**ABOUT THIS TASK**: For the data that follows, print the line with "本展では、杉並区のスポーツの", the line with "అందుబాటులో ఉంటాయని వెల్లడించారు.", and all lines between them, exactly as they stand. Omit pictures and add nothing.

**Extracted records**:
#####
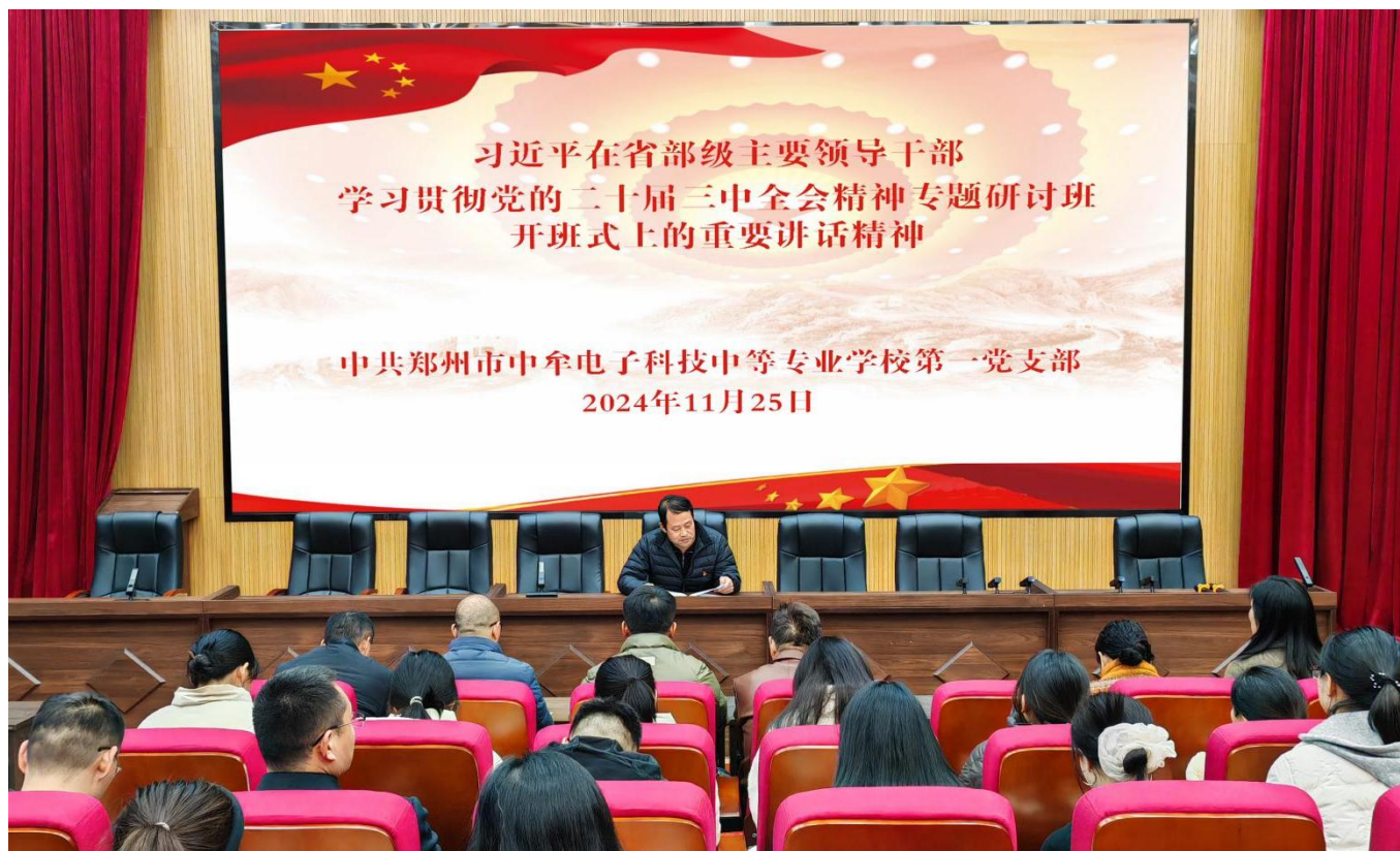
图 20：2024 年 11 月 25 日，我校开展“学习贯彻党的二十届三中全会精神培训”集中学习
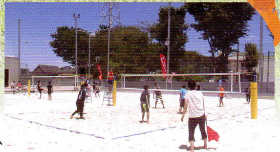
永福体育館ビーチコート

本展では、杉並区のスポーツの歴史と、近年区内で活性化している競技を中心にその現況を紹介するとともに、それらを支える体育施設について紹介します。
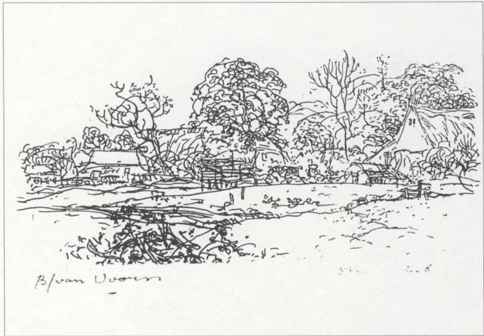
'Yde', ets 13 x 9 cm, 1981
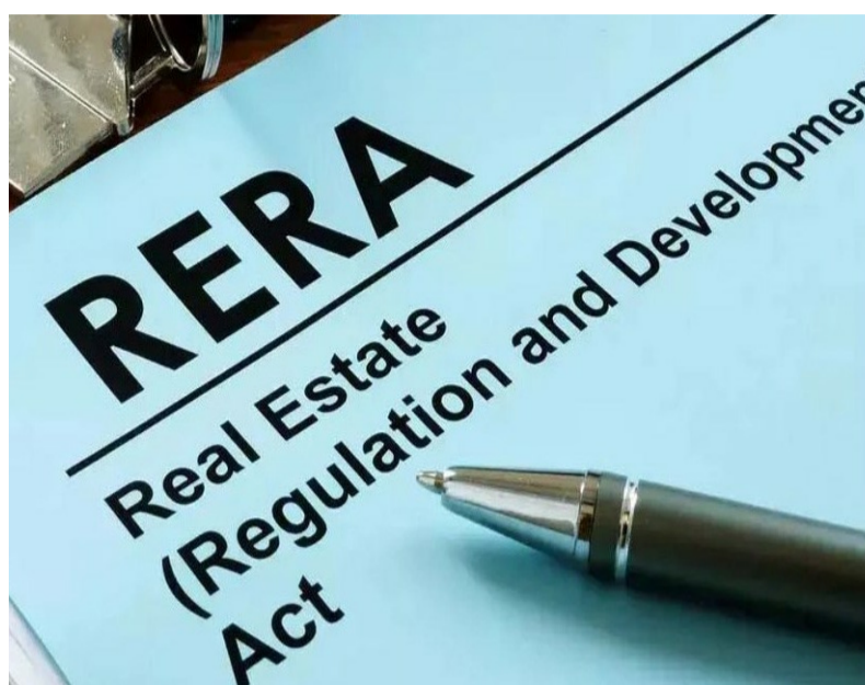
అందుబాటులో ఉంటాయని వెల్లడించారు. బాధ్యతగా పరిశీలించుకుని మోసాలకు గురికాకుండా కొనుగోలు చేసుకోవాలని రెరా స్పష్టం చేసింది.

రెరా నిబంధనలు ఉల్లంఘించిన పలు రియల్ ఎస్టేట్ కంపెనీలకు షోకాజు నోటీసులు జారీ చేశారు. ఆరు కంపెనీలు రెరా అనుమతులు లేకుండా అక్రమాలకు పాల్పడుతున్నట్లుగా గుర్తించారు. మియాపూర్ ప్రజ్ఞ ఎకోస్పెస్, చింతల్కుంట శ్రీ సిద్ధి వినాయక ప్రాజెక్ట్ డెవలపర్స్, కొండాపూర్ నార్త్ ఈస్ట్ హబిటీషన్స్, సంగారెడ్డి జిల్లా ఎ.ఆర్. ప్రమాటర్స్ అండ్ డెవలపర్స్, కెపిహెచ్బీ కాలనీ ఇన్వెస్టు ఇన్ ప్రా ప్రాజెక్టు, కొంపల్లి భారతి లేకూర్ టవర్ బిల్డింగ్స్ రెరా నిబంధనలు ఉల్లంఘించినందున 15 రోజుల లోగా సంజాయిషి సమర్పించాలని ఆదేశిస్తూ షోకాజు నోటీసులు జారీ చేసినట్లు రెరా అధికారి పేర్కొంది. రియల్ ఎస్టేట్ కంపెనీలకు జీహెచ్ఎంసీ, హెచ్ఎంసీ, డిటీసీ, యూడిఏ, టీజీఐసీ, ఇతర స్థానిక సంస్థల అనుమతులతో పాటు రెరా రిజిస్ట్రేషన్ ఉంటేనే కొనుగోలుదారులకు భద్రత, భరోసా చేకూరుతుందని రెరా తెలిపింది. ఇల్లు, ఫ్లాట్ కొనాలి అనుకునే వారు రెరా రిజిస్ట్రేషన్ ప్రాజెక్టులో మాత్రమే కొనుగోలు చేయాలని రెరా అధికారి కొనుగోలు దారులకు సూచించింది. డ్రీరాంట్ ఆఫర్లను సమ్మి రెరా రిజిస్ట్రేషన్ లేని ప్రాజెక్టులలో కొని మోసపోరాదని రెరా అధికారి విజ్ఞప్తి చేసింది. రెరా రిజిస్ట్రేషన్ పొందకుండా, జీహెచ్ఎంసీ, హెచ్ఎంసీ, డిటీసీ, యూడిఏ, టీజీఐసీ, ఇతర స్థానిక సంస్థల అనుమతులు లేకుండా వ్యాపార ప్రకటనలు జారీచేయడం, మార్కెటింగ్కు పాల్పడటం రెరా చట్ట రీత్యా నేరమని అధికారి స్పష్టం చేసింది. కొనుగోలు చేసే ముందు ఆయా ప్రాజెక్టులు, కంపెనీల నేపథ్యం తెలుసుకునే ప్రయత్నం చేయాలని సూచించారు. రెరా అనుమతి పొందనివి, ఆయా ప్రాజెక్టుల పూర్తి వివరాలు, ప్రమాటర్ పేరు, చిరునామా, ఇతర అన్ని వివరాలు రెరా వెబ్ సైటులో
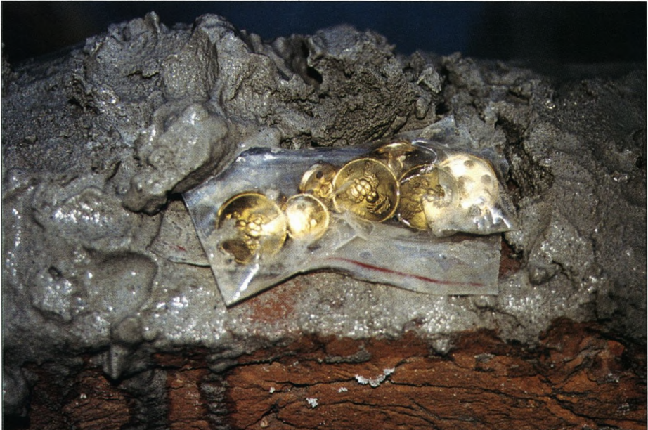
De indmurede soranerknapper imellem stenene.
#####
**THE ANSWER**:
本展では、杉並区のスポーツの歴史と、近年区内で活性化している競技を中心にその現況を紹介するとともに、それらを支える体育施設について紹介します。
'Yde', ets 13 x 9 cm, 1981
అందుబాటులో ఉంటాయని వెల్లడించారు. బాధ్యతగా పరిశీలించుకుని మోసాలకు గురికాకుండా కొనుగోలు చేసుకోవాలని రెరా స్పష్టం చేసింది.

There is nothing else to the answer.